- TASK BRIEF:
The entries below are to be retyped exactly. Preserve every word.

START RECORDS TO USE

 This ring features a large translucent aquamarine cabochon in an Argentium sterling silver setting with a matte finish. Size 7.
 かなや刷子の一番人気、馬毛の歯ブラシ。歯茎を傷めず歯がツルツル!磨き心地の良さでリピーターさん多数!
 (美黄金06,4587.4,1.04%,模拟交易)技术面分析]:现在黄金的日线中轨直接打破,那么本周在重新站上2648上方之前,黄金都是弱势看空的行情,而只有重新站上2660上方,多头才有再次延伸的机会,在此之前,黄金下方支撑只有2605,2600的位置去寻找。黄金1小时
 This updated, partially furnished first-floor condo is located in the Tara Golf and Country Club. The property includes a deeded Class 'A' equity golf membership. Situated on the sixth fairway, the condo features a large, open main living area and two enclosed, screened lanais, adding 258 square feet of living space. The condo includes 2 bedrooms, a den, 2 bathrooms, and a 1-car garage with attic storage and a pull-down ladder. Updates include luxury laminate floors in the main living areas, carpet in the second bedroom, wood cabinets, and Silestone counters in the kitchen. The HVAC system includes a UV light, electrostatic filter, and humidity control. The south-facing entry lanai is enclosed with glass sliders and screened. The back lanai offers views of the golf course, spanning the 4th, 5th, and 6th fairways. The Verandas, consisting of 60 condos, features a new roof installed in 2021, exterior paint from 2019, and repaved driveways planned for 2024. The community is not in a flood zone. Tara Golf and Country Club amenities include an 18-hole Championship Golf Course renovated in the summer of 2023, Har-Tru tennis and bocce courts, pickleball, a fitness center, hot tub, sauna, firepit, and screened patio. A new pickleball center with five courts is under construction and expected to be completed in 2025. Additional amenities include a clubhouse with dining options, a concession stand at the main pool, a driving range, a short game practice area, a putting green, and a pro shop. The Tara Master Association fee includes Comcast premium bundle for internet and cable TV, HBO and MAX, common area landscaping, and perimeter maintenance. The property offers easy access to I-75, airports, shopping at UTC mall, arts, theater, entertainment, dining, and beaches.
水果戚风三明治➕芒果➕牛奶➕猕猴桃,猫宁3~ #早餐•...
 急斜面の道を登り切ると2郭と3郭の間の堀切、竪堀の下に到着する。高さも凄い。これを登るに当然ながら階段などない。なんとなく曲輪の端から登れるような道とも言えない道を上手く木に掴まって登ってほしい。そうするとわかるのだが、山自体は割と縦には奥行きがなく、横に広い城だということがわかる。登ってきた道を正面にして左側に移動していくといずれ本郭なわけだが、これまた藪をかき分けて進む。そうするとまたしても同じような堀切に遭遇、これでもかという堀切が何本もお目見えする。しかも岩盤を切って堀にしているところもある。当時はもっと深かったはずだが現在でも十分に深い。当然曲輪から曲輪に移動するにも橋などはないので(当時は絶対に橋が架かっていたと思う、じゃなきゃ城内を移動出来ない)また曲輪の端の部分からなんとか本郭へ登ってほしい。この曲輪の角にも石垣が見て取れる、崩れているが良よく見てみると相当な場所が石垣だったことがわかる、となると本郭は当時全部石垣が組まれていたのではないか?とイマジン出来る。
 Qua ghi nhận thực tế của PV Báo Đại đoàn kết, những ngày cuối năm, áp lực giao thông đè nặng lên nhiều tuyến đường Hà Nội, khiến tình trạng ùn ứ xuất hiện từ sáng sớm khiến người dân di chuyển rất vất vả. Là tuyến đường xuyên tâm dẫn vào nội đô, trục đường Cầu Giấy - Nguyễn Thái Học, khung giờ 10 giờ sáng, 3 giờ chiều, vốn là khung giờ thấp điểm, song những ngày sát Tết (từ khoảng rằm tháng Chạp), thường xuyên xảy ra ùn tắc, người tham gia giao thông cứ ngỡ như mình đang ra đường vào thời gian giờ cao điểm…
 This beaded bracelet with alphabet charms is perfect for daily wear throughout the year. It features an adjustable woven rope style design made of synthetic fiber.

END RECORDS TO USE

- SOLUTION FOR THIS EXERCISE:
 This ring features a large translucent aquamarine cabochon in an Argentium sterling silver setting with a matte finish. Size 7.
 かなや刷子の一番人気、馬毛の歯ブラシ。歯茎を傷めず歯がツルツル!磨き心地の良さでリピーターさん多数!
 (美黄金06,4587.4,1.04%,模拟交易)技术面分析]:现在黄金的日线中轨直接打破,那么本周在重新站上2648上方之前,黄金都是弱势看空的行情,而只有重新站上2660上方,多头才有再次延伸的机会,在此之前,黄金下方支撑只有2605,2600的位置去寻找。黄金1小时
 This updated, partially furnished first-floor condo is located in the Tara Golf and Country Club. The property includes a deeded Class 'A' equity golf membership. Situated on the sixth fairway, the condo features a large, open main living area and two enclosed, screened lanais, adding 258 square feet of living space. The condo includes 2 bedrooms, a den, 2 bathrooms, and a 1-car garage with attic storage and a pull-down ladder. Updates include luxury laminate floors in the main living areas, carpet in the second bedroom, wood cabinets, and Silestone counters in the kitchen. The HVAC system includes a UV light, electrostatic filter, and humidity control. The south-facing entry lanai is enclosed with glass sliders and screened. The back lanai offers views of the golf course, spanning the 4th, 5th, and 6th fairways. The Verandas, consisting of 60 condos, features a new roof installed in 2021, exterior paint from 2019, and repaved driveways planned for 2024. The community is not in a flood zone. Tara Golf and Country Club amenities include an 18-hole Championship Golf Course renovated in the summer of 2023, Har-Tru tennis and bocce courts, pickleball, a fitness center, hot tub, sauna, firepit, and screened patio. A new pickleball center with five courts is under construction and expected to be completed in 2025. Additional amenities include a clubhouse with dining options, a concession stand at the main pool, a driving range, a short game practice area, a putting green, and a pro shop. The Tara Master Association fee includes Comcast premium bundle for internet and cable TV, HBO and MAX, common area landscaping, and perimeter maintenance. The property offers easy access to I-75, airports, shopping at UTC mall, arts, theater, entertainment, dining, and beaches.
水果戚风三明治➕芒果➕牛奶➕猕猴桃,猫宁3~ #早餐•...
 急斜面の道を登り切ると2郭と3郭の間の堀切、竪堀の下に到着する。高さも凄い。これを登るに当然ながら階段などない。なんとなく曲輪の端から登れるような道とも言えない道を上手く木に掴まって登ってほしい。そうするとわかるのだが、山自体は割と縦には奥行きがなく、横に広い城だということがわかる。登ってきた道を正面にして左側に移動していくといずれ本郭なわけだが、これまた藪をかき分けて進む。そうするとまたしても同じような堀切に遭遇、これでもかという堀切が何本もお目見えする。しかも岩盤を切って堀にしているところもある。当時はもっと深かったはずだが現在でも十分に深い。当然曲輪から曲輪に移動するにも橋などはないので(当時は絶対に橋が架かっていたと思う、じゃなきゃ城内を移動出来ない)また曲輪の端の部分からなんとか本郭へ登ってほしい。この曲輪の角にも石垣が見て取れる、崩れているが良よく見てみると相当な場所が石垣だったことがわかる、となると本郭は当時全部石垣が組まれていたのではないか?とイマジン出来る。
 Qua ghi nhận thực tế của PV Báo Đại đoàn kết, những ngày cuối năm, áp lực giao thông đè nặng lên nhiều tuyến đường Hà Nội, khiến tình trạng ùn ứ xuất hiện từ sáng sớm khiến người dân di chuyển rất vất vả. Là tuyến đường xuyên tâm dẫn vào nội đô, trục đường Cầu Giấy - Nguyễn Thái Học, khung giờ 10 giờ sáng, 3 giờ chiều, vốn là khung giờ thấp điểm, song những ngày sát Tết (từ khoảng rằm tháng Chạp), thường xuyên xảy ra ùn tắc, người tham gia giao thông cứ ngỡ như mình đang ra đường vào thời gian giờ cao điểm…
 This beaded bracelet with alphabet charms is perfect for daily wear throughout the year. It features an adjustable woven rope style design made of synthetic fiber.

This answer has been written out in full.